• TASK TO COMPLETE
From the listing below, output the lines between the one with "Marinho de Árvore" and the one with "Наибольшую популярность получили", including those two, and nothing else. Pictures are not copied.

• RECORDS SHOWN
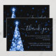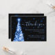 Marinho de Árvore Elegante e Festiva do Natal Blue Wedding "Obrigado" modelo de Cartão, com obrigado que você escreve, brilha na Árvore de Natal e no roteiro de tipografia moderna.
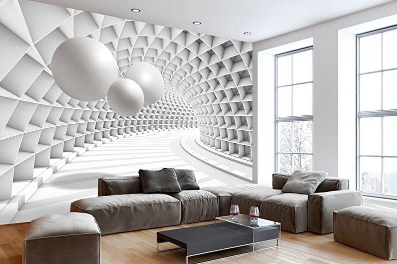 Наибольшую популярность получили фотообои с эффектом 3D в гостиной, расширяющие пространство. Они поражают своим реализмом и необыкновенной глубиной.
==
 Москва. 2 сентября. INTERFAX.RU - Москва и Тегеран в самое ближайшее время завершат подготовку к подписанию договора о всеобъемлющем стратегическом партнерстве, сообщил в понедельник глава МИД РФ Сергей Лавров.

• RESULT BELOW
 Marinho de Árvore Elegante e Festiva do Natal Blue Wedding "Obrigado" modelo de Cartão, com obrigado que você escreve, brilha na Árvore de Natal e no roteiro de tipografia moderna.
 Наибольшую популярность получили фотообои с эффектом 3D в гостиной, расширяющие пространство. Они поражают своим реализмом и необыкновенной глубиной.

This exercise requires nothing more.